12km geht es über Stock und Stein, hoch und runter, zumeist über glitschige Pfützen. Einmal haut es Chouchou volle Motte aus der Spur, der sportliche Ex-Karati rollt sich aber gekonnt ab. Das soll ihn trotzdem nicht vor einer pädagogischen Zurechtweisung schützen: die holländischen Rentner hinter uns fragen nicht, ob ihm hier –6km von der Straße entfernt– etwas passiert sei, sondern winken nur gehässig mit ihren Wanderstöcken: “That´s why we have sticks.” Bestimmt vom Obelink im Angebot: Packe Sie jetz zu, nehme Sie sofort alle twej. Und nur heute –ganz speziell voor onze lieve Nachbarn– krijchen zee die Klugscheißsprüche ganz für kosteloos mit dabeii. Heelemal bedankt.

Die Umgebung aber ist ganz phantastisch und mit nichts zu vergleichen. Dunkle Seen vor endlosen Nadelbäumen. An der nach dem 1. Weltkrieg verlassenen Bahnstrecke sichten wir Wolfsspuren. Und ein paar Schildkröten im Wasser. Nummeriert. Vielleicht die Nummergirls unter den Kiefermäulern!? Hörnchen hier und dort, eine kanadische Wildgans führt ihre Küken spazieren. Eine aufmerksame Mutti, die sehr gut aufpasst. Nur Elche sehen wir noch immer keine. Nicht einmal die Dummen.

Vollkommen erledigt nach diesem Marsch –wo eigentlich ist unsere Fitness hin? Lost in the woods?

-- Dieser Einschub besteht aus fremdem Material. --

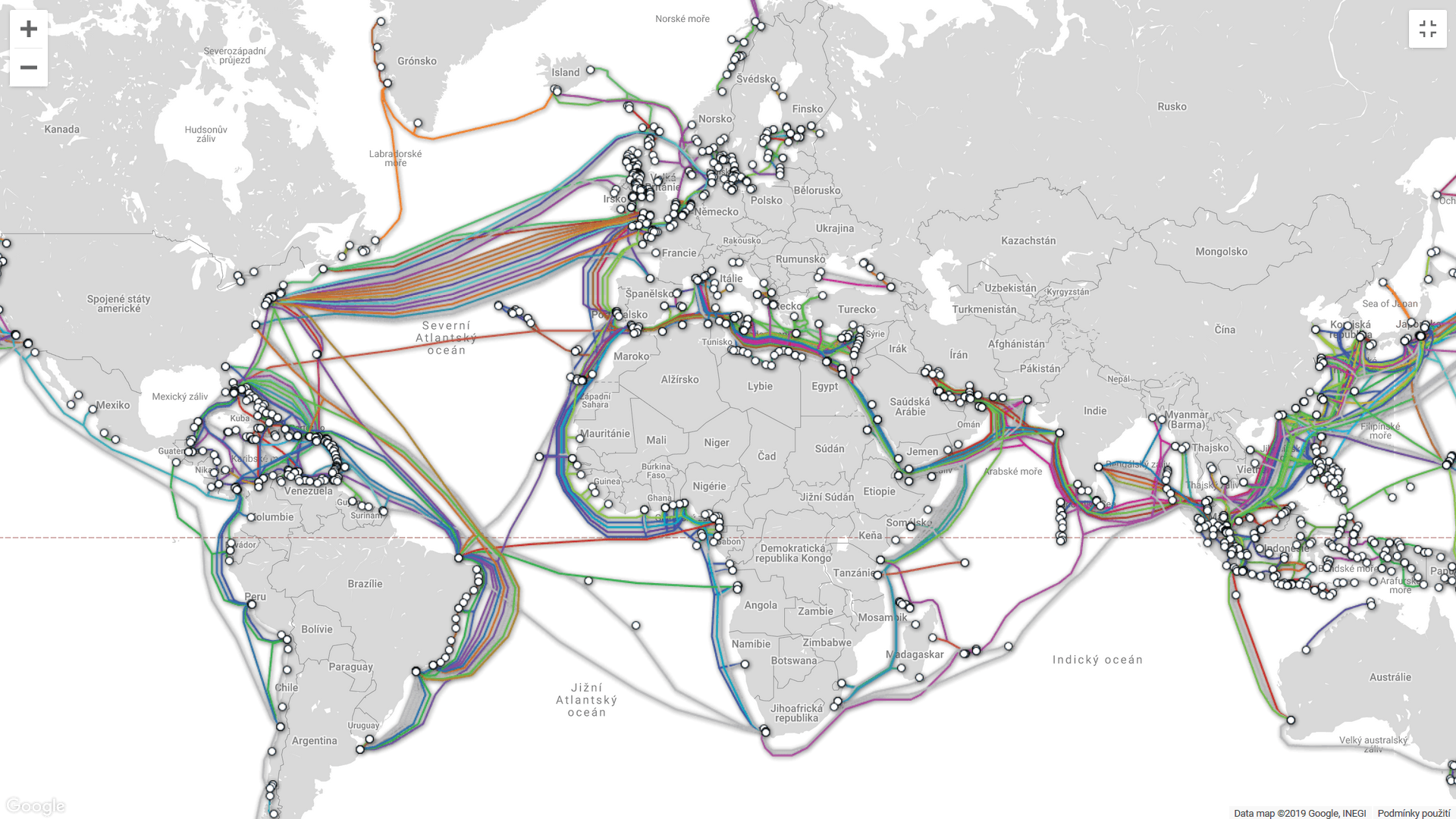 Aktuální mapa kabelů po světě. Zakreslení je přibližné.
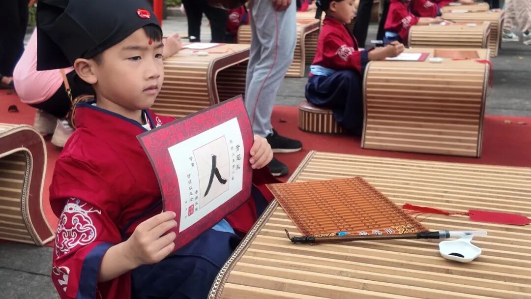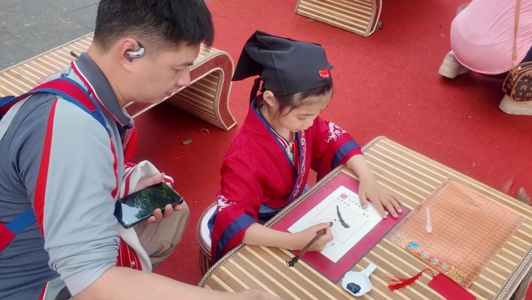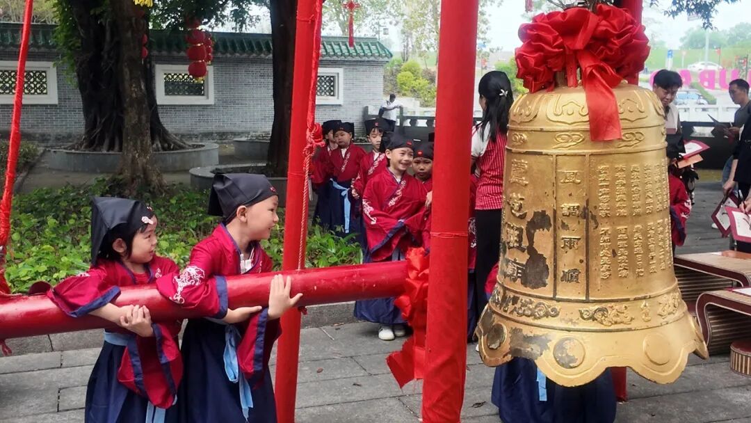 最具仪式感的 “朱砂启智” 环节,师长手持朱砂笔,在每位孩子眉心轻点红痣,寓意开启智慧、眼明心亮,祝愿孩子们从此好读书、读好书。启蒙描红环节,孩子们在指导下执笔书写 “人” 字,一撇一捺间,不仅学会书写汉字,更领悟 “做人要顶天立地” 的道理。随后的鸣钟环节,孩子们奋力鸣钟三下,洪亮的钟声传递着远大志向。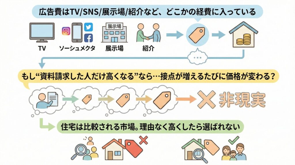 住宅会社の広告費って、テレビCMでもSNSでも紹介でも展示場でも、どこかに経費として入っているのが普通です。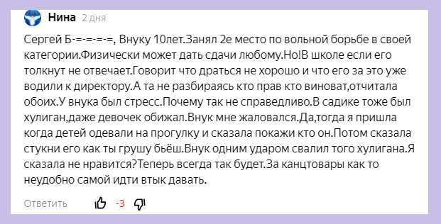 Нешуточный спор разгорелся на днях в комментариях. На тему - можно ли давать сдачи хулигану, если тебе разрешила это сделать твоя бабушка? Это вызвало возмущение: А правда - правильно это или нет? У меня сейчас нет однозначного ответа. Я занимала вторую позицию ровно до того момента, как старший сын пошёл в школу. Точнее, на подготовку. Там прямо в один из первых дней он не смог заниматься в тетради, потому что мальчик, сидящий впереди, ни с того ни с сего повернулся, плюнул ему в тетрадь и со смехом захлопнул её. Ну весело же, эгей! Что нужно было сделать? Двинуть весельчаку сразу? Мой добрый сын не сообразил. Жизнь его к этому не готовила. Мы ему, конечно, рассказывали, что надо не давать себя в обиду, а давать сдачи. Только ведь каждую ситуацию не предусмотришь, не проговоришь. Вот над тобой пошутили и смеются - это они по-доброму смеются, по-дружески? Тоже посмеяться с ними или уже пора лезть в драку? Моя мама в своё время ходила в школу разбираться. С моими обидчиками. Когда ч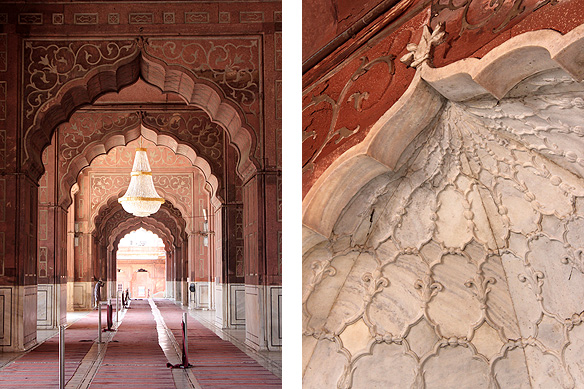 It is a massive mosque. Built to impress. 25,000 worshippers can pray in its courtyard at any given time. The covered section contains 899 prayer mat outlines on its marble floor. Jama Masjid also set the template for future mosques in India: all mosques from this point on were flanked by two towering minarets.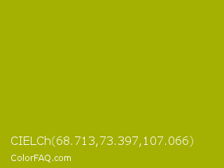 CIELCh 68.713,73.397,107.066 Color is a normal yellow color and the nearest color is Pistachio Green #9dc209. Hex code #a4b002 and RGB value is rgb(164,176,2). In RGB color space, this color is composed of 64% red, 69% green, 1% blue, In CMYK color space, this color is composed of 7% cyan, 0% magenta, 99% yellow , 31% black , In HSL color space, this color has a hue angle of 64° , 98% saturation and 35% lightness.

Lost in the wild?– rollt der Magicbus mit einem eingesauten Chouchou am Steuer (und ik zeg noch: neem die Stöcke met!) 150km weiter gen Westen, bevor wir heute Abend endlich nach Hause kommen können. In Parry Sound, auf einem Community Parkplatz.

Parry Sound liegt am Georgian Bay. 6000 Einwohner geben sich alle Mühe, das Örtchen liebevoll zu gestalten. Das spürt man, trotz der fast apokalyptisch leergefegten Straßen – ist ja noch immer Victorias Day.

Wir schlendern einmal am Hafen entlang, schauen der tutenden Eisenbahn auf einer sehr hohen Brücke hinterher und quatschen mit unserem Nachbarn über sein Gemüsebeet. Sehr viel Arbeit. Ja, sehr, ich weiß, sag ich. Ich hatte auch schon mal einen Acker: Herrn Hebing, hottest Acker in town. Sehr viel Arbeit. Aber schön. Da sind wir uns einig.

Mit Blick auf den Georgian Bay atmen wir letzte Abendsonne ein und essen dann –vollkommen unübertrieben– die beste Pizza der Welt. Made by Indians from Parry Sound.

Im Magicbus ist um 20 Uhr dann Feierabend für heute. Endlich zu Hause – auch wenn sich der Film vor den Fenstern fast tagtäglich ändert. Dahoam is dahoam. Nur noch flott einen kurzen Text tippen über den heutigen Tag. Die Eisenbahn auf der sehr hohen Brücke tutet. Nur noch flott einen kurzen Text tippen und dann ist Feierabend. Deutlich später als 20 Uhr natürlich….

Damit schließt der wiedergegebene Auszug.